Una is an oddball in her way, a “pan-sexual” who dresses in men’s clothes, but she is not so against convention that she would break Klara’s heart with the truth. Instead, she tells herself she is the real widow and bites her tongue. These two women give remarkable, sensitive performances; they are perfect foils for each other. Klara is cow-eyed, flattened by sadness, fleshy where Una is lithe, a bit of a country bumpkin. Klara is not, however, any kind of fool.

Rúnar Rúnarsson established his field of endeavor with his first feature Volcano in 2011; this is his fourth. He tells stories of the Icelandic young, their prickly family relationships in isolated communities, small but pungent aspirations, emotions writ large against a towering landscape. As the title of his new film suggests, his chief raw material here is light. Although much of the story takes place inside, he finds places with vast windows, views to trees or the sea, stonework that refracts the sun’s rays or carves the world into small pieces of glittering pale sky seen through glass segments. In a film set largely in institutional interiors, there isn’t a dull shot.

Whenever he can, he takes us outdoors, showing the sun descend to the horizon while casting its empty spotlight across the waves. At times – when skipping us over the sea or taking us through the doomed tunnel – the light becomes an abstraction, heightened by the soaring voices of boy choirs that he already used to powerful effect in his 2015 film Sparrows.

There is a sense of living under a great canopy of light, with roofs an insignificant interruption. Going to find out if Diddi is one of the dead, talking about him, celebrating him – all within a space of 24 hours – is the story’s busywork, but it is overarched by the transcendent.

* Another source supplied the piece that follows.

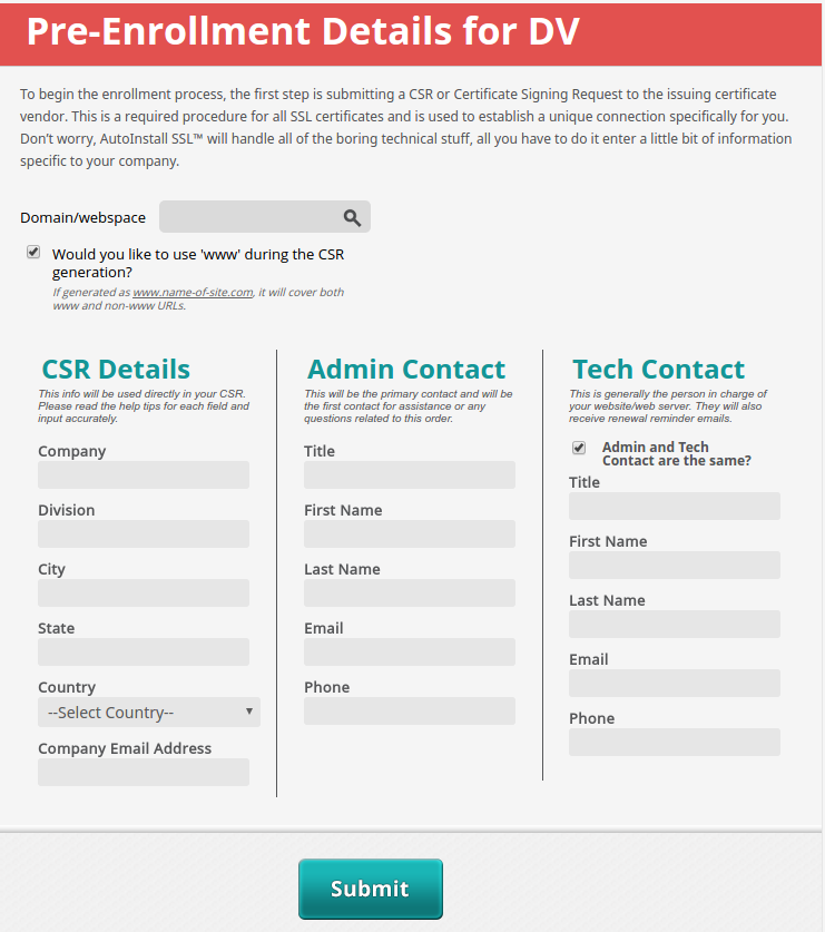 B. Als Hosting Kunde bei uns haben wir ihnen das einrichten von ihrem SSL Zertifikat so einfach wie möglich gestaltet mit dem AutoInstall SSL Plugin. Sie müssen sich bei einem normal Domain validated Zertifikat lediglich im Hosting Control Panel anmelden, Ihre Details und die Details vom zu schützendem Domain Namen oder Subdomain Namen angeben und der Rest macht das System komplett selbsständig. Hier die die Schritte dazu: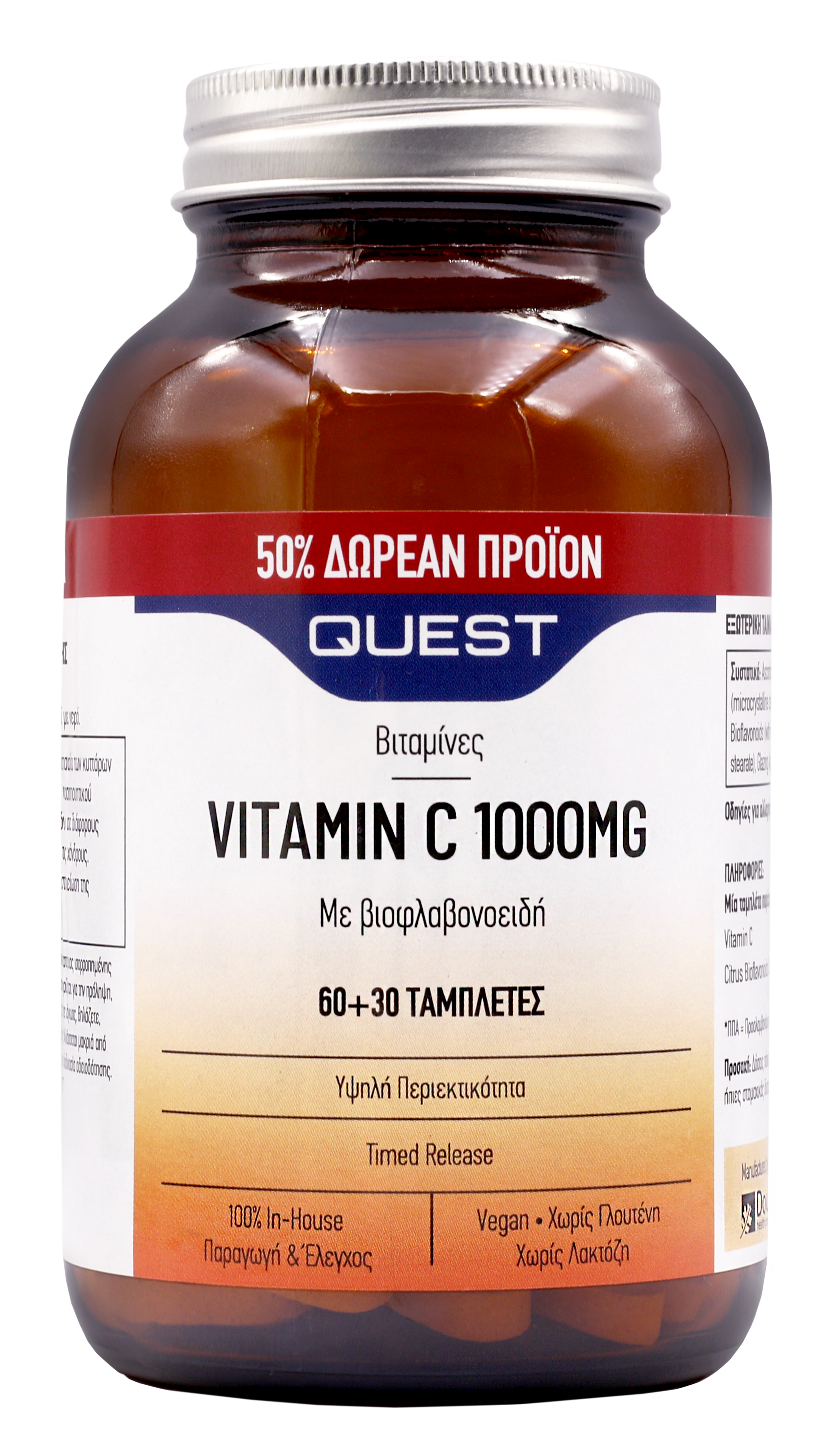 Το Vitamin C 1000mg της Quest είναι συμπλήρωμα διατροφής και δεν υποκαθιστά μια ισορροπημένη διατροφή. Αρ. Γν. ΕΟΦ: 29901/13-05-2005.

That said, Rúnarsson has kept his ambitions small; his canvas is limited, his narrative spare – so spare, indeed, that it sometimes drags. Within his self-imposed limitations, however, he draws a portrait of muffled grief that feels true and poignant. The reflective pairing of the two young women, emphasized by a visually inventive moment when their images merge in a window where one is seen through the glass and the other as a reflection, recalls the existential ambiguity of Bergman’s Persona. Una feels more than she can say; Klara knows more. Their silence communicates volumes; their shared pain is so thick you could run your hands through it. Somehow, they will find their way through silence to accommodate each other.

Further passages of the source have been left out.